EXERCISE:
A faithful copy of every entry, with the pictures removed, is what is needed here.

Records from a collection:
-*-

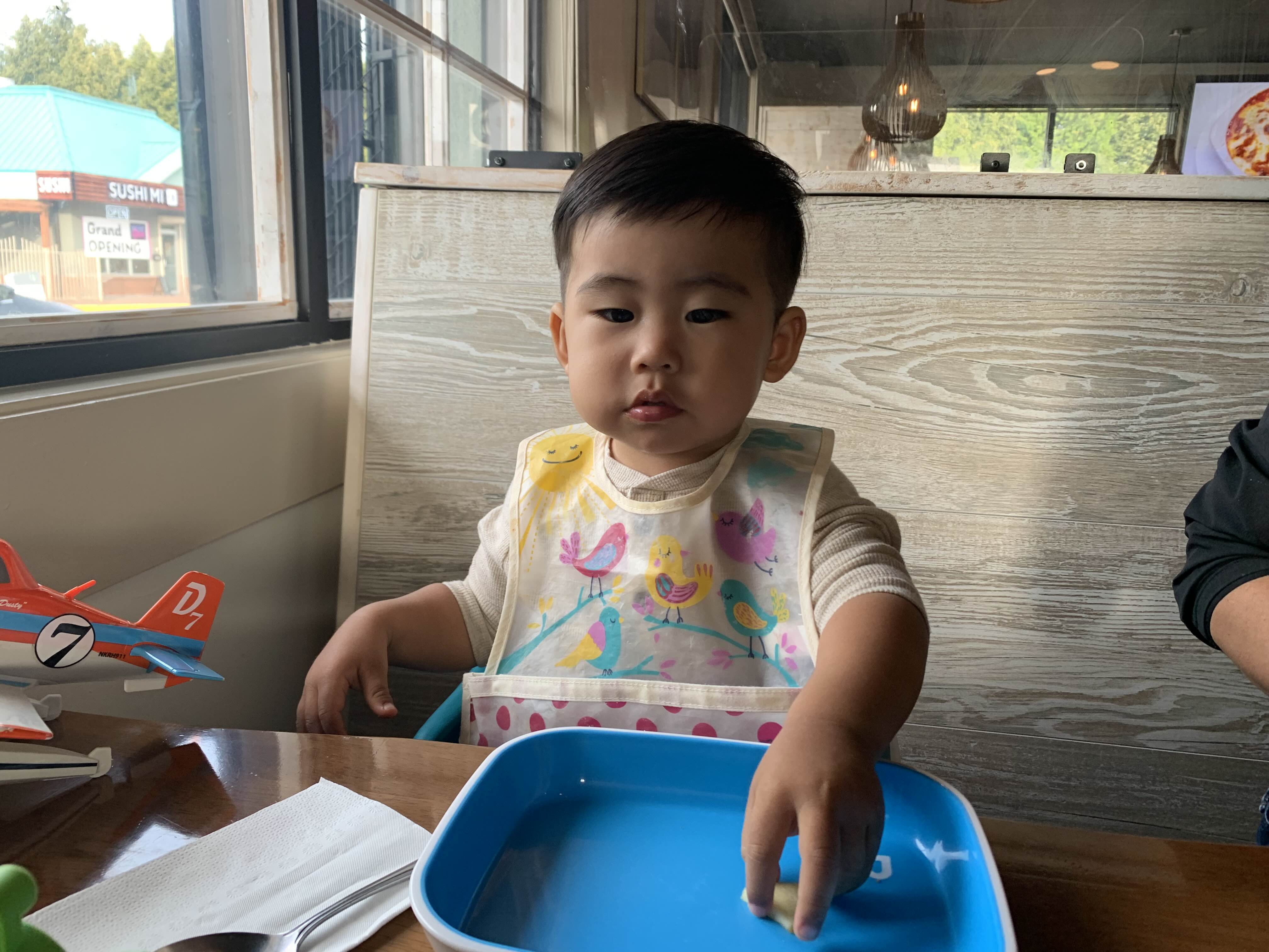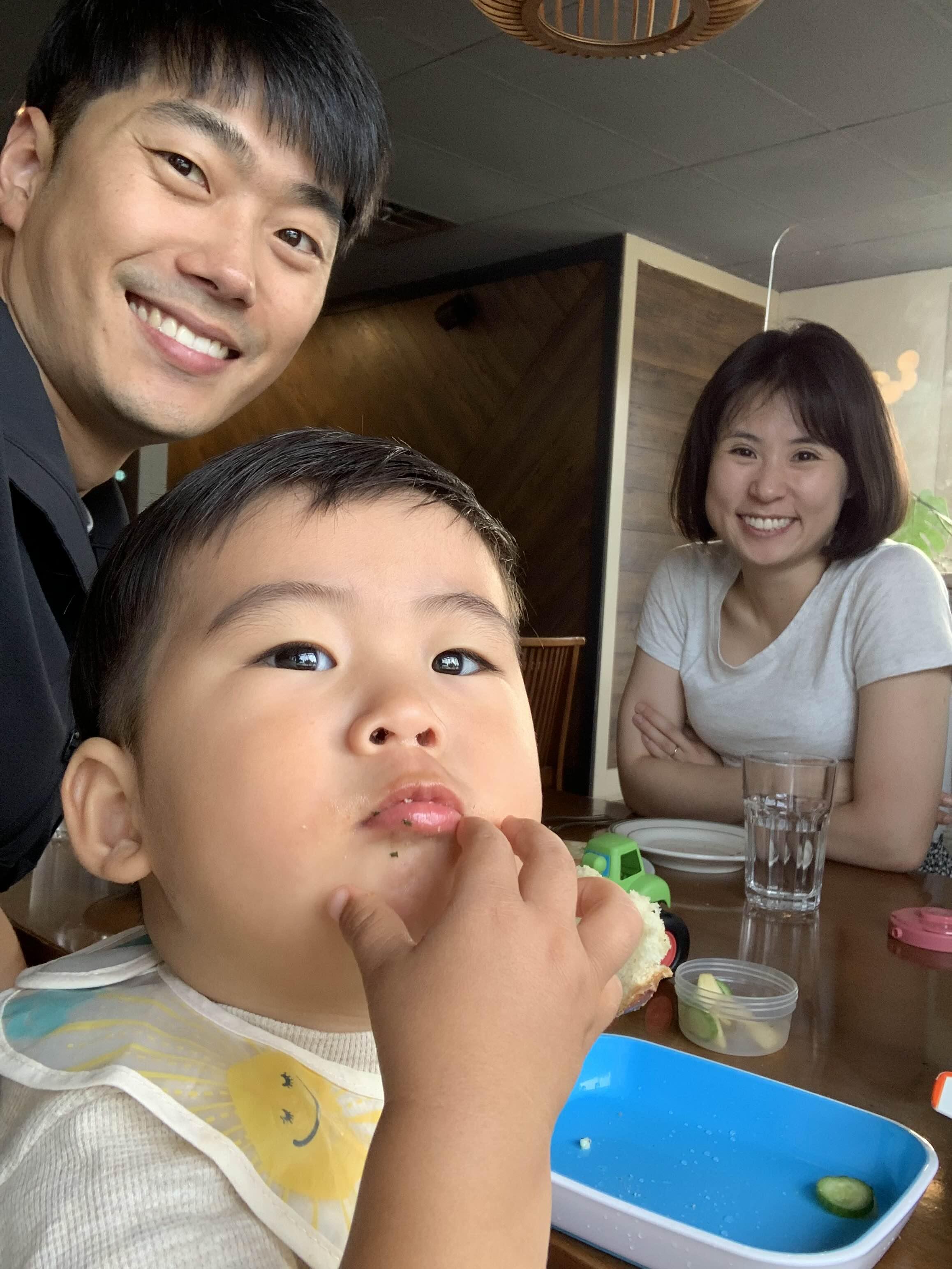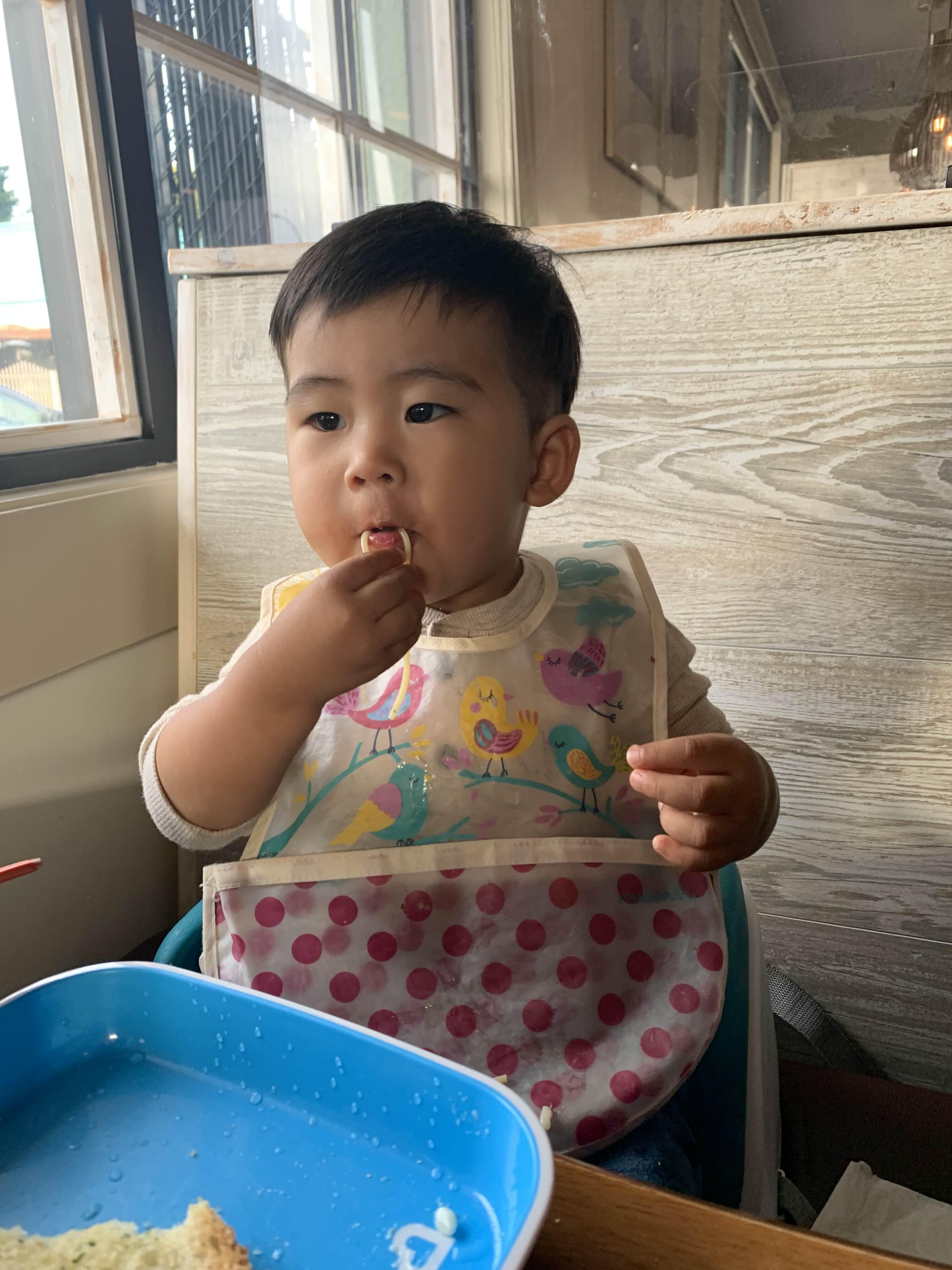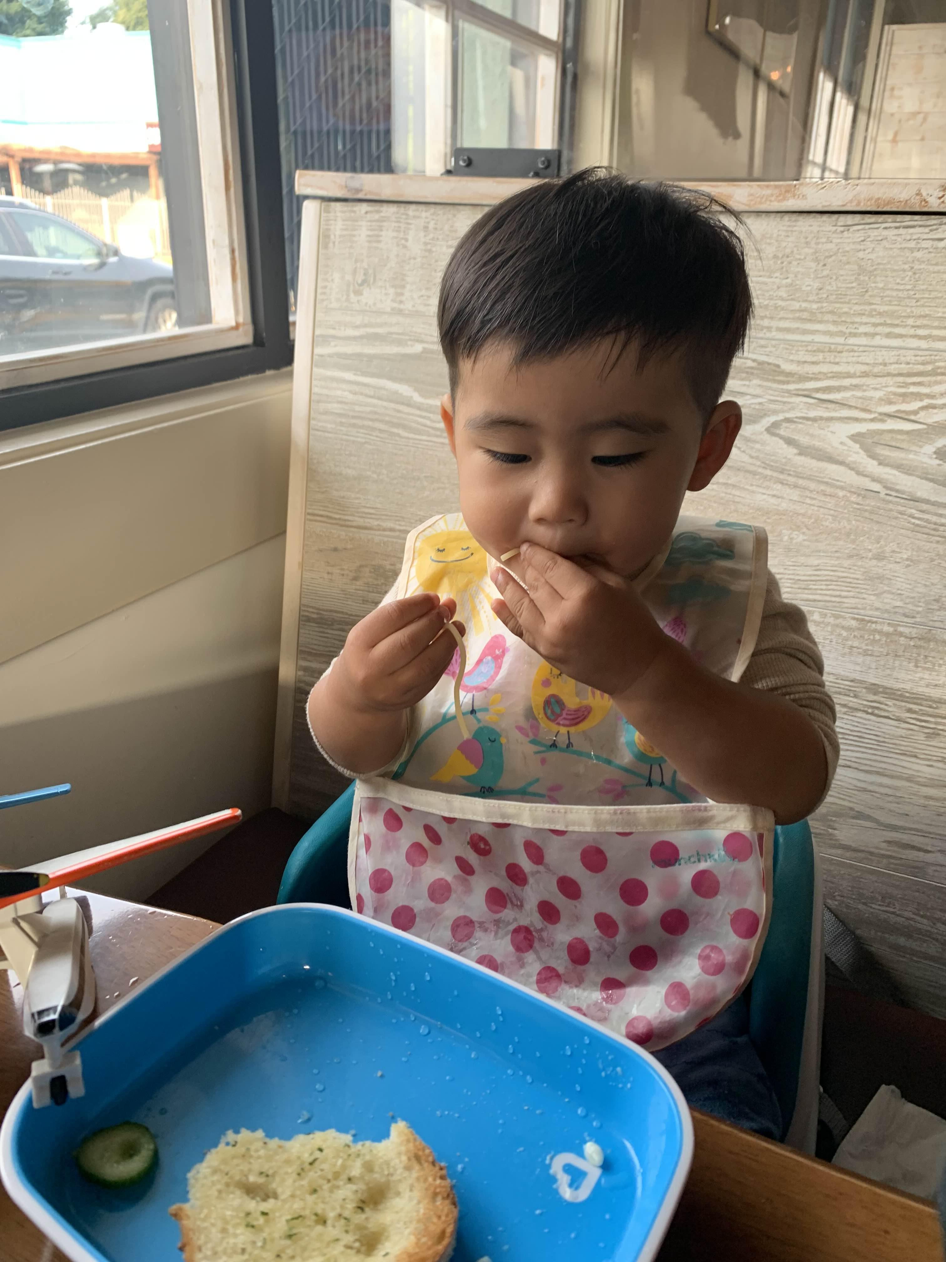 셋이서 즐겁게 외식하는 기념.. 엄마 좀 이상하게 나왔지만, 이것도 기념이니 ㅎㅎ 우리 아들 빵 삼매경.. 너무 귀여워요.. (그랬는데 마늘 부분이 매웠던지.. 먹다가 울면서 짜증... 엄마 아빠가 미안해.. 한국인이라 마늘 매운지 몰랐네... )
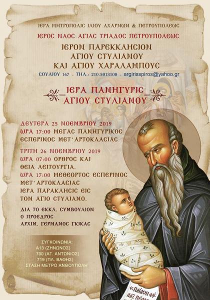 Πανηγυρίζει το παρεκκλήσιο του Αγίου Στυλιανού, το οποίο βρίσκεται στον Ιερό Ναό Αγίας Τριάδος Πετρουπόλεως.
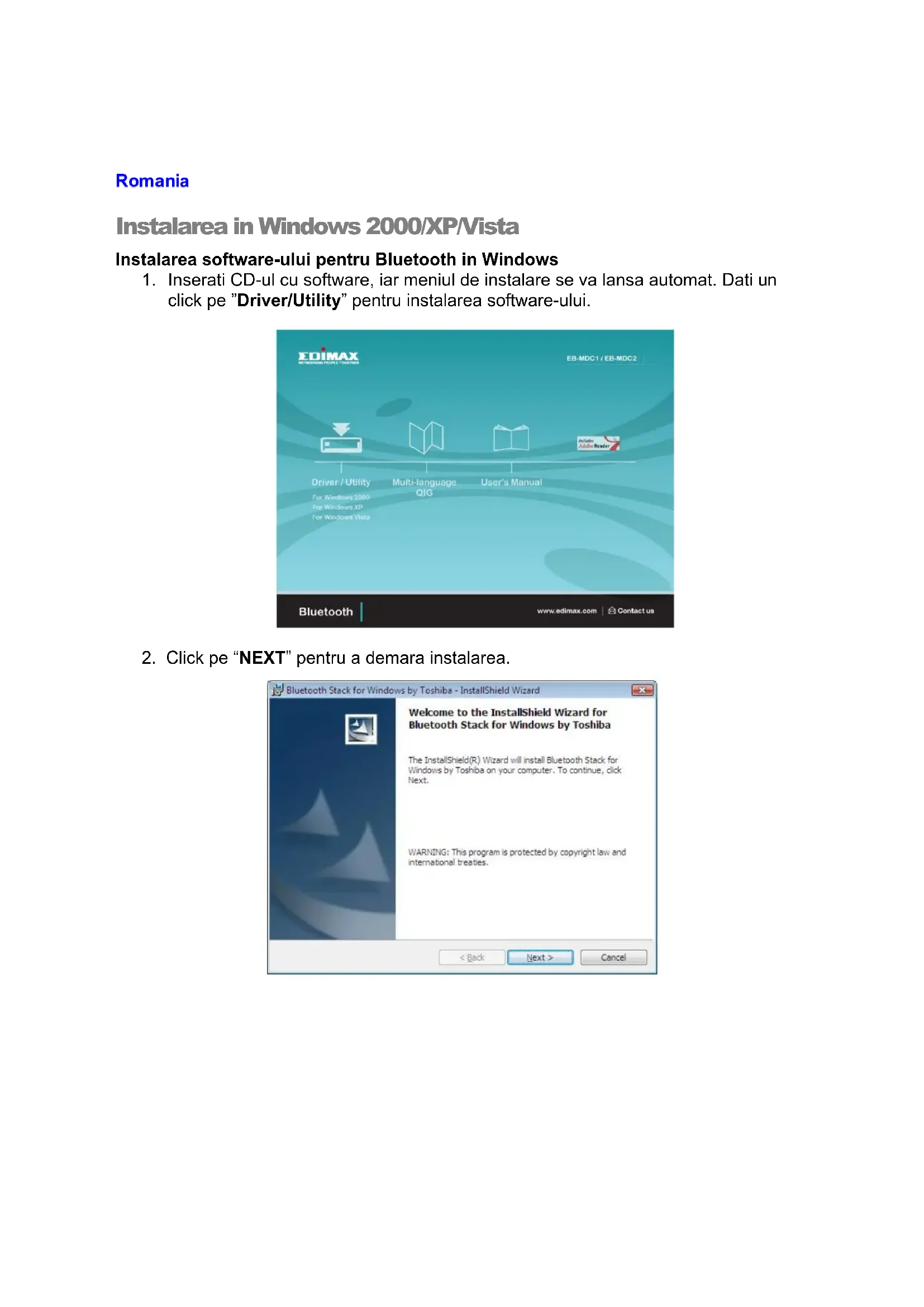 Instalarea in Windows 2000/XP/Vista Instalarea software-ului pentru Bluetooth in Windows
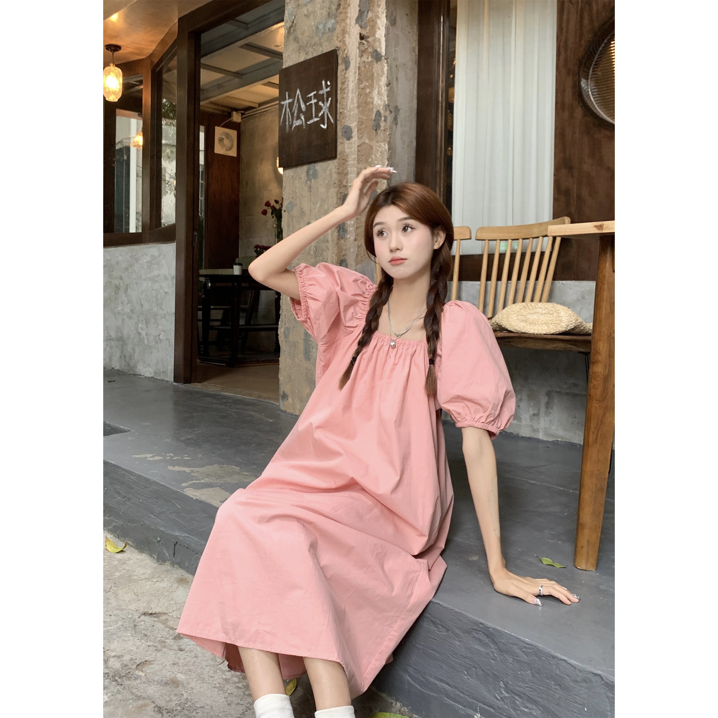 韩系温柔风泡泡袖粉色连衣裙女夏季宽松显瘦气质高级感小个子长裙
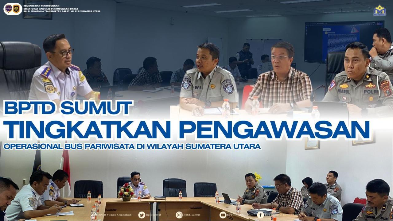 BPTD Kelas II Sumut lakukan rapat bersama dalam rangka pembahasan Pengawasan Operasional Bus Pariwisata di Sumut, Senin (20/5/2024).
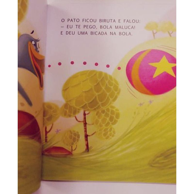 A brincadeira de uma bola começa no mato, vai até o sapo, o pato, a jiboia, o peixe e termina no mato. Tudo por meio de frases curtas, sílabas simples, diversão e surpresa.

-*-

SOLUTION TO THIS TASK:
 셋이서 즐겁게 외식하는 기념.. 엄마 좀 이상하게 나왔지만, 이것도 기념이니 ㅎㅎ 우리 아들 빵 삼매경.. 너무 귀여워요.. (그랬는데 마늘 부분이 매웠던지.. 먹다가 울면서 짜증... 엄마 아빠가 미안해.. 한국인이라 마늘 매운지 몰랐네... )
 Πανηγυρίζει το παρεκκλήσιο του Αγίου Στυλιανού, το οποίο βρίσκεται στον Ιερό Ναό Αγίας Τριάδος Πετρουπόλεως.
 Instalarea in Windows 2000/XP/Vista Instalarea software-ului pentru Bluetooth in Windows
 韩系温柔风泡泡袖粉色连衣裙女夏季宽松显瘦气质高级感小个子长裙
 BPTD Kelas II Sumut lakukan rapat bersama dalam rangka pembahasan Pengawasan Operasional Bus Pariwisata di Sumut, Senin (20/5/2024).
 A brincadeira de uma bola começa no mato, vai até o sapo, o pato, a jiboia, o peixe e termina no mato. Tudo por meio de frases curtas, sílabas simples, diversão e surpresa.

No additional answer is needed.